Toshio Aoki (1853–1912), Chiura Obata (1885–1975), and Yang Ling-fu (1889–1978) are three important early ambassadors of Asian cultural content in American art. In this brief survey we are unfortunately not able to discuss each of their artistic personalities much beyond noting that they were pioneers of Asian cultural content in American art. Together, their careers span more than a century, and while their approaches were very different, each artist’s work reflects his or her classical training in ink painting and shows its subtle transformations in California.

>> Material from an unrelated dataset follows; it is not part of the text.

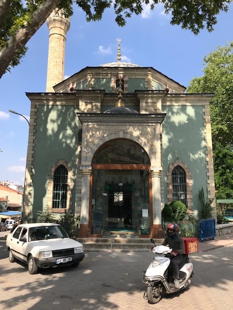 タイルの街キュタヒヤに行って来ました。この街にあるチニリジャーミーと言う青いタイルで外観を覆われたモスクを見に行く途中で見つけたモスクです。チニリジャーミーは丘の上にあり、街中から歩いて行くと大変でした。途中で見つけたこのイエシルモスクはトルコ語で緑のモスクですが、薄い黄緑色のタイルで覆われていてとても綺麗でした。チニリジャーミーはもっと濃い緑色です。

Toshio Aoki relocated to the United States in 1880, when the passion for Japonisme was at its peak. His American work varied in subject matter (including avian imagery, still life, and mythological figures) as well as in style, which ranged from visionary Nihonga to familiar American rendering. Aoki is often known for his decorative images of flying Chinese female deities; examples include his multiple representations of Chang-E ascending to the moon. In this example (Plate 1), she is seen surrounded by flowing robes and scarves, accompanied by two children, and with her rabbit companion nestled in her upraised hand, all of this against a roiling and threatening night sky of abstract ink.
Aoki also painted other deities. His underwater Fish Basket Kannon (Fig. 14) in the collection of the Asian Art Museum of San Francisco, depicts one of the thirty-one mani- festations of the bodhisattva of compassion and is sometimes interpreted as a reference to prostitutes, according to the museum’s acquisition report.

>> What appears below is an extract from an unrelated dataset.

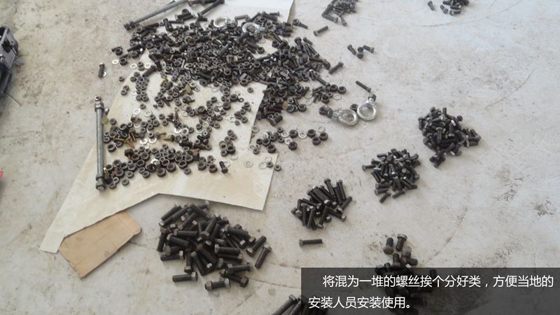 將混為一堆的螺絲挨個分好類,方便當地的安裝人員安裝使用。

Although Aoki achieved in his lifetime a high profile as an artist (and as the adoptive father of actress Tsuru, who married film star Sessue Hayakawa, both of whom were well positioned in early Hollywood), only a few dozen examples of Aoki’s fine art have surfaced to date, suggesting that full recognition of his achievement is still to be articulated.

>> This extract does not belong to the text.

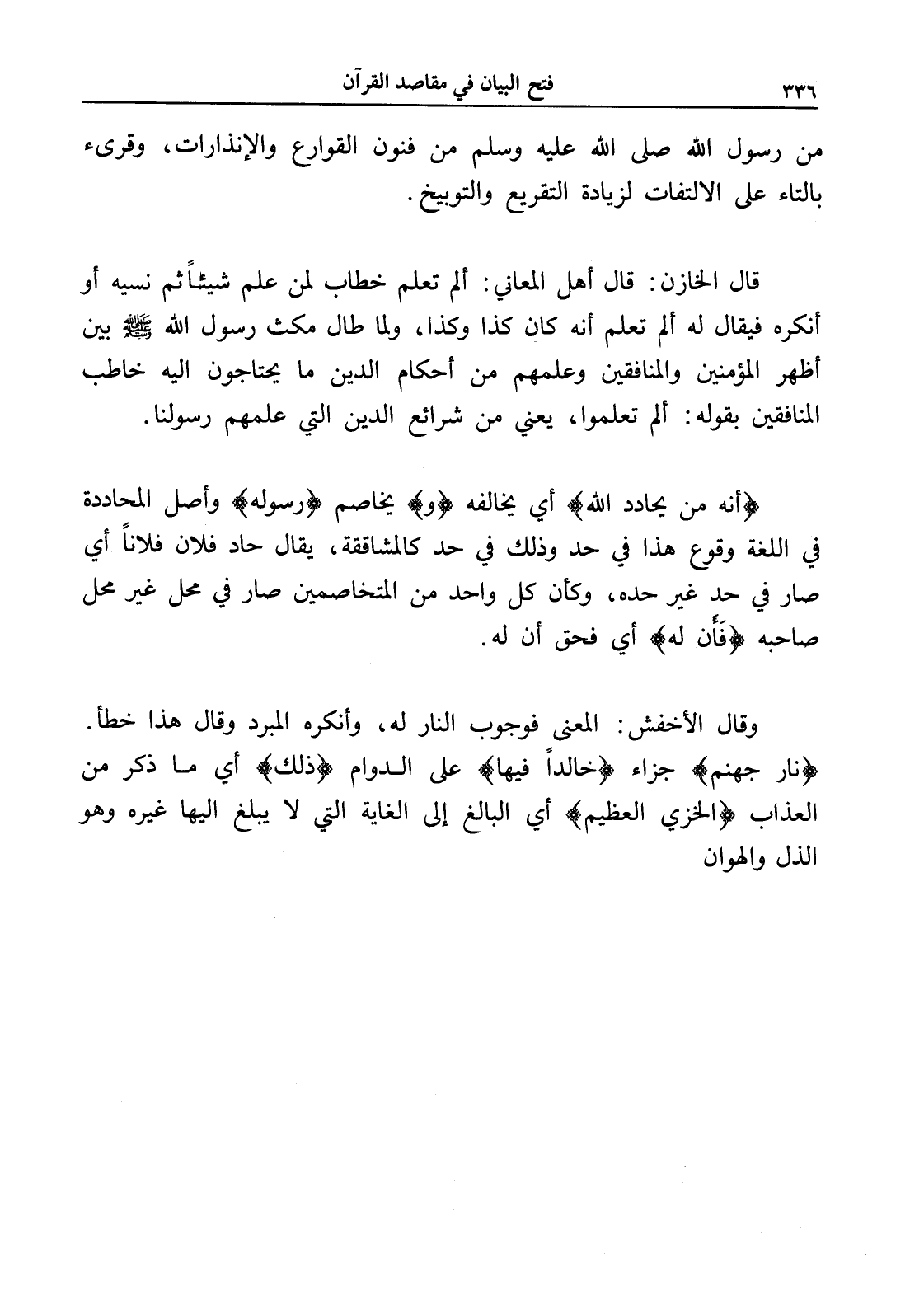 (أنه من يحادد الله) أي يخالفه (و) يخاصم (رسوله) وأصل المحاددة في اللغة وقوع هذا في حد وذلك في حد كالمشاققة، يقال حاد فلان فلاناً أي صار في حد غير حده، وكأن كل واحد من المتخاصمين صار في محل غير محل صاحبه (فَأن له) أي فحق أن له.

Transcendentalist Chiura Obata was astutely sensitive to nature and is known for having created brilliantly dynamic images that capture different moments of California weather. His scroll painting Rain (Fig. 15), also in the collection of the Asian Art Museum of San Francisco, shows an old and luxuriant tree (maybe a Berkeley eucalyptus or willow) during a shower; the scene is rendered with such skill, it seems we are witnessing the tree’s very absorption of the nourishing water.

Obata’s masterful painting on silk titled A Storm Nearing Yosemite Government Center (Plate 2) shows mountain ridges and floating bands of clouds that communicate weather’s unpredictable energy in the high country of the Sierra Nevada range, a geography that became associated with the artist after his extended art and backpacking trek there in 1927. Unlike the limited and scattered artistic archives of Aoki, Obata’s oeuvre is still largely intact. During the internment of Japanese Americans during the Second World War, it was safeguarded in the attic of the president’s residence at the University of California, Berkeley, where Obata was an influential teacher for decades. Consequently, Obata’s legacy is more fully available for study and appreciation.

The art of Yang Ling-fu is only just now being seen after decades out of public sight. This exhibition showcases her work for the first time in maybe fifty years. After arriving in San Francisco as an early Chinese artist-refugee in 1936, Yang presented her work in exhibitions including the Golden Gate International Exposition on Treasure Island in 1939, but she never reached the profile she had achieved in China, where she was the first female president of an art college. These paintings from the late 1930s and 1940s show an artist of great discipline and focus, who responded to her new American context with a brighter palette and stronger naturalism than seen in her earlier work in China (Plate 3 and Fig. 16). Yang ultimately relocated to Carmel-by-the-Sea and invited several other artists to join her in developing a Chinese artist colony there. Although not directly the result of her personal invitations, that did, in fact, happen, as artists including Cheng Yet-por, Hu Chi Chung, S. C. Yuan, and even Chang Dai-chien made it their home.